Accouchements forcés à l'Hôpital de Moncton : un recours collectif est déposé
L'infirmière Nicole Ruest a travaillé pour l'Hôpital de Moncton pendant 15 ans.
Photo : Instagram : nicoleruest191
Des cabinets d'avocats à Moncton et à Halifax déposent une demande de recours collectif au nom des femmes qui auraient reçu sans leur consentement le médicament ocytocine, utilisé pour accélérer un accouchement, à l'Hôpital de Moncton. Une infirmière de l'hôpital, Nicole Ruest, a été congédiée, la semaine dernière, lorsque cette affaire a éclaté au grand jour.
L'infirmière en question, qui fait l'objet d'une enquête criminelle, est visée par la poursuite, de même que le réseau de santé Horizon, qui administre l'Hôpital de Moncton.
La poursuite est déposée au nom d'une mère, Jayde Scott, qui a dû subir une césarienne d'urgence après avoir reçu de l'ocytocine. Cette demande de recours collectif reste à être approuvée par les tribunaux.
Des dizaines de mères pourraient s'être trouvées dans la même situation que Mme Scott et pourraient ajouter leur nom à la poursuite, selon l'avocat John McKiggan, du bureau McKiggan Hebert à Halifax. Le réseau Horizon disait d'ailleurs mardi dernier avoir reçu une quarantaine d'appels de patientes inquiètes, après avoir rendu publique l'affaire.
La demande de recours collectif couvre la période qui s'étend de 2005 à 2019, au cours de laquelle Nicole Ruest a travaillé au sein du service d'obstétrique de l'établissement.
Les allégations n'ont pas été prouvées en cour.
Des accouchements difficiles
La poursuite allègue que Nicole Ruest s'est servi de sa fonction pour administrer de l'ocytocine sans leur consentement à des femmes sur le point d'accoucher. Elles auraient ainsi subi des effets indésirables comme des contractions très fortes et incontrôlées, une baisse dangereuse du rythme cardiaque de leur bébé, des césariennes d'urgence et des accouchements prématurés.
Le réseau de santé Horizon est poursuivi parce que l'Hôpital de Moncton était au courant, selon la poursuite, qu'un nombre inhabituel de césariennes y était pratiqué de même que d'accouchements au cours desquels des instruments comme des forceps devaient être utilisés. Les autorités auraient donc dû faire enquête pour tenter d'élucider ces faits, selon la poursuite.
La demande de recours vise à obtenir des excuses et un aveu de responsabilité de la part de l'Hôpital, l'établissement d'un programme de suivi pour les mères traitées par Nicole Ruest ainsi que des dommages et intérêts pour les blessures physiques et émotionnelles des présumées victimes. Le montant de ces dommages n'est pas précisé.
Accouchement d'urgence
Le document de la poursuite comprend une description de faits allégués qui se seraient produits lors de l'admission de Mme Scott à l'hôpital, le matin du 28 mars. Son obstétricienne, la Dre Erin Hemsworth, avait prévu induire l'accouchement ce jour-là. Elle a donc été branchée à une intraveineuse qui devait contenir une solution saline.

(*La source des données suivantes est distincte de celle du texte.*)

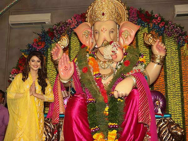 Actresses Urvashi Rautella and Poonam Pandey were spotted at the festival 'mandap' and they worshipped the idol in their traditional attires.

Or, cinq minutes après que cette solution lui a été administrée, Mme Scott s'est mise à avoir de fortes contractions sans interruption. Presque simultanément, les battements de coeur des bébés se sont mis à baisser dangereusement.
Mme Scott a alors subi une anesthésie générale et une césarienne d'urgence. Le lendemain, la Dre Hemsworth est venue lui expliquer que la saline utilisée pendant son accouchement avait été testée et qu'elle contenait de l'ocytocine. La médecin lui aurait alors dit que de petits trous avaient été percés dans la poche qui contenait la solution, ce qui aurait permis d'y injecter l'ocytocine. Elle aurait ajouté que l'infirmière Ruest en était responsable.
C'était très traumatisant
, a témoigné Mme Scott, en pleurs, lors d'une conférence de presse à Moncton, en compagnie de l'avocat McKiggan et de Mathieu Picard, qui représente le deuxième bureau d'avocats engagé dans la poursuite, Fidelis Law Droit de Moncton. Je ne peux pas comprendre pourquoi une personne a pu faire cela
, at-elle ajouté.
Le réseau de santé Horizon a ouvert une ligne téléphonique pour les femmes qui auraient reçu de l'ocytocine sans y avoir consenti. Il leur a aussi demandé de communiquer avec la GRC, mais s'est refusé à tout autre commentaire, puisque l'affaire fait l'objet d'une enquête criminelle. Cette enquête n'a pas pour l'instant débouché sur des accusations.